The $750 billion commitment is earmarked for investing in, financing, and advising companies that are pursuing sustainable goals – for instance, taking steps to reduce carbon emissions. Behind Goldman Sachs’ efforts is essentially one guy, John Goldstein – known as the “Forrest Gump” of the field, since he keeps popping up at key moments – who sold his firm, Impact Capital Advisors, to Goldman in 2015.

“Large companies are pushing sustainability up and down their supply chains. Governments are getting more active and engaged.
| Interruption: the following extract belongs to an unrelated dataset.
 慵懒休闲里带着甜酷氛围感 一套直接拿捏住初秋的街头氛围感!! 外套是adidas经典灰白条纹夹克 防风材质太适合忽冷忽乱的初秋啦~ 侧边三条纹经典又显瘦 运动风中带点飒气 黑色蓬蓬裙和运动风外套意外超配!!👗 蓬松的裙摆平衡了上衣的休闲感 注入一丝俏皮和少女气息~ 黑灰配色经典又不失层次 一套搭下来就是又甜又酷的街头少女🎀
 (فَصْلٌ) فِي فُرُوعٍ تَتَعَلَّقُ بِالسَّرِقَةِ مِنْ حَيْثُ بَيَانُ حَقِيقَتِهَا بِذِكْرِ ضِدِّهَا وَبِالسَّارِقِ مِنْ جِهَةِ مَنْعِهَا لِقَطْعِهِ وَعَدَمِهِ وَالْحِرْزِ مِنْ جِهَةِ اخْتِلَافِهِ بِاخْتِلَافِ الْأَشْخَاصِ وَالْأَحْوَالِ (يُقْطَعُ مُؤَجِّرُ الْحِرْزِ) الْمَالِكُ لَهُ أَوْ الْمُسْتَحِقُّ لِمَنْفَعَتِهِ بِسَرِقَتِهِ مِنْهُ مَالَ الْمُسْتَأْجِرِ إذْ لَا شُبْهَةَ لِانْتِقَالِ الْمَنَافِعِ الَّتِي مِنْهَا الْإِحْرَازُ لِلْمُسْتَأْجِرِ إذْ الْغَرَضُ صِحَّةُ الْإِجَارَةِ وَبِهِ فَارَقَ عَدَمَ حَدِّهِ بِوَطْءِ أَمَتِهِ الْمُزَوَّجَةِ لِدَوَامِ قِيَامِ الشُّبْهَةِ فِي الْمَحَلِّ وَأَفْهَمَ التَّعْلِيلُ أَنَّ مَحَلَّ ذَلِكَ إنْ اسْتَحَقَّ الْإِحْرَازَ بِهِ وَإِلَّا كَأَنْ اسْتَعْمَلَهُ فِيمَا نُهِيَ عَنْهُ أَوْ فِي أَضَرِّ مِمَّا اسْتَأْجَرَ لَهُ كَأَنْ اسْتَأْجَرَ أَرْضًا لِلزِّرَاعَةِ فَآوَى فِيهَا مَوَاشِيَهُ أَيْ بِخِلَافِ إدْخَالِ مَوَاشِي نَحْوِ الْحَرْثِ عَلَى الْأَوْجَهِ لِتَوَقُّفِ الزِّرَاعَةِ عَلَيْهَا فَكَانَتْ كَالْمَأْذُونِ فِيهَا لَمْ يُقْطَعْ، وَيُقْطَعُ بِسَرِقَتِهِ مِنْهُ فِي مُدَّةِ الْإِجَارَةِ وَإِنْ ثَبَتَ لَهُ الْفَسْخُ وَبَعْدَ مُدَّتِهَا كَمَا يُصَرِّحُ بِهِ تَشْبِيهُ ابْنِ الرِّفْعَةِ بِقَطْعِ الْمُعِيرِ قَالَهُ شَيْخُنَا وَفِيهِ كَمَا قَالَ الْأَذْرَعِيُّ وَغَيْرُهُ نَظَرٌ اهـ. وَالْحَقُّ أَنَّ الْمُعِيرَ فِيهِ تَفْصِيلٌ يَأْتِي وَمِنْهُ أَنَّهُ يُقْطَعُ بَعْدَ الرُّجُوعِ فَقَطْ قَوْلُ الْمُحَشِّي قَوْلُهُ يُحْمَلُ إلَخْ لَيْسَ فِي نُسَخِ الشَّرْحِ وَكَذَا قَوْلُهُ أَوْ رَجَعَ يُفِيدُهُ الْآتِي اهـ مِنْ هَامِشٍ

You’re seeing it everywhere,” said Goldstein, now head of the firm’s Sustainable Finance Group, which was formed last July. “You can see and feel the acceleration going on.”

TIPPING POINT

Goldman Sachs is hardly alone when it comes to big financial institutions buying into sustainability in a serious way. Up until recently, ESG investing – managing money according to environmental, social, and governance factors – has been seen as a niche interest of investors. It is still challenging, for instance, to find ESG options within many U.S. employers’ 401(k) plans.

But big financial players are starting to move the needle on sustainability issues. Investment giant BlackRock Inc (BLK.N) and its $7 trillion in assets just joined the Climate Action 100+ initiative, pressuring companies to act on climate issues. Citigroup Inc (C.N) is another leader in the field, as a longtime and vocal supporter of the Paris Agreement, the landmark environmental accord of 2016. The firm created its Environmental Finance Goal back in 2015, devoting $100 billion to climate change solutions in areas like clean energy, infrastructure and technology.

“The climate issue is not going away, and it’s only going to get worse,” said Lauren Compere, managing director at Boston Common Asset Management, who authored a recent report on how the world’s biggest financial firms are handling environmental issues.